> DATA EXTRACT
::::::::::
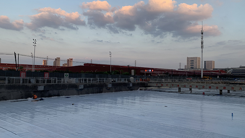 宿松路快速化改造工程地處城市建成區,周邊環境復雜,施工面臨地下管網縱橫交錯、基坑開挖深度大、結構防裂、防水要求高等難題。面對復雜而苛刻的條件,安徽交建項目部實現了多項行業“首創”:針對市政干作業基坑圍護樁垂直度控制不佳,我部采購2臺RSM-HGT(D)型超聲波成孔質量檢測儀對樁基垂直進行檢測、及時糾偏;施工過程中使用全站儀對旋挖鉆機桅桿垂直度進行檢查、糾偏;為有效控制地道側墻混凝土裂縫,選擇摻加ART-MPC無機納米抗裂密實劑,提高混凝土抗裂性。養護采用水能量節水保濕養護膜,將液態水轉化為固態水,通過毛細管作用,源源不斷的向養護面滲透,同時吸收砼水化熱過程中蒸發水,在一個養護周期內保證養護體表面保持濕潤,相對濕度≥90%;為避免變形縫滲水情況,施工過程中增設一道中埋式止水帶。同時針對止水帶安裝及焊接等薄弱環節加強控制,安排固定人員培訓,舉辦焊接比賽,提升焊接技術。
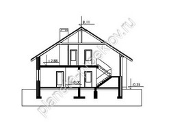 Это строение привлекает внимание оригинальностью фасадного оформления, которое включает в себя такие архитектурные элементы, как арки, а также нестандартное оформление балконного пространства. Проекты домов из газосиликатных блоков, дают возможность строительства функциональных и добротных строений, где главное внимание будет уделяться гармоничному сочетанию внутреннего обустройства с необычностью оформления фасада. В этом строении функции террасы выполняет зона перед входной дверью в дом.
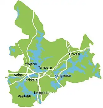 Tampere metropolitan area or Tampere region (Finnish: Tampereen seutu, Swedish: Tammerfors region) is the metropolitan area around the city of Tampere in Finland. The joint municipal authority of the Tampere city region (Finnish: Tampereen kaupunkiseutu, Swedish: Tammerfors stadsregion) consists of eight municipalities: Tampere, Kangasala, Lempäälä, Nokia, Orivesi, Pirkkala, Vesilahti and Ylöjärvi.[2] The Tampere metropolitan area forms a compact, urban-like regional growth centre where people commute from a relatively large area of the Pirkanmaa region.
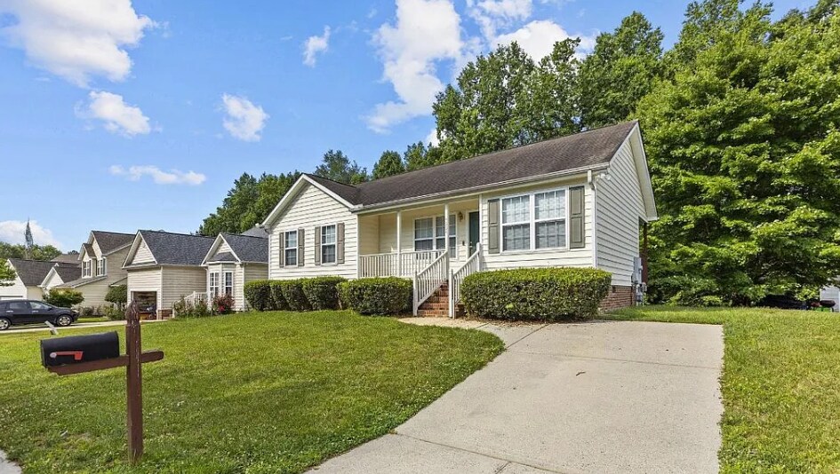 Welcome to this stunning ranch-style home situated in the heart of a charming Raleigh neighborhood within the Triangle area. Boasting three bedrooms and two full baths, this home offers both comfort and style. The family room is thoughtfully designed, allowing an abundance of natural light to flood in, creating a warm and inviting atmosphere. The adjacent kitchen, complete with a dining area, provides a perfect space for cooking and entertaining. Adding to the appeal are the beautiful vinyl floors throughout the main floor, adding a touch of elegance to the living spaces. Ample backyard room for any outdoor events. Conveniently located, this property offers easy access to I-540, Wake Forest, Triangle Town Center, North Hills, Walmart, Target and Poyner Place Shopping Center. All photos of the home are staged, furniture is not included. All appliances are new, including refrigerator, washer and dryer and AC unit.
::::::::::
> WORK INSTRUCTION
Copy only what runs above from the line containing "Это строение привлекает" through the line containing "Tampere metropolitan area or", exactly. Leave out the pictures.

> TASK ANSWER
 Это строение привлекает внимание оригинальностью фасадного оформления, которое включает в себя такие архитектурные элементы, как арки, а также нестандартное оформление балконного пространства. Проекты домов из газосиликатных блоков, дают возможность строительства функциональных и добротных строений, где главное внимание будет уделяться гармоничному сочетанию внутреннего обустройства с необычностью оформления фасада. В этом строении функции террасы выполняет зона перед входной дверью в дом.
 Tampere metropolitan area or Tampere region (Finnish: Tampereen seutu, Swedish: Tammerfors region) is the metropolitan area around the city of Tampere in Finland. The joint municipal authority of the Tampere city region (Finnish: Tampereen kaupunkiseutu, Swedish: Tammerfors stadsregion) consists of eight municipalities: Tampere, Kangasala, Lempäälä, Nokia, Orivesi, Pirkkala, Vesilahti and Ylöjärvi.[2] The Tampere metropolitan area forms a compact, urban-like regional growth centre where people commute from a relatively large area of the Pirkanmaa region.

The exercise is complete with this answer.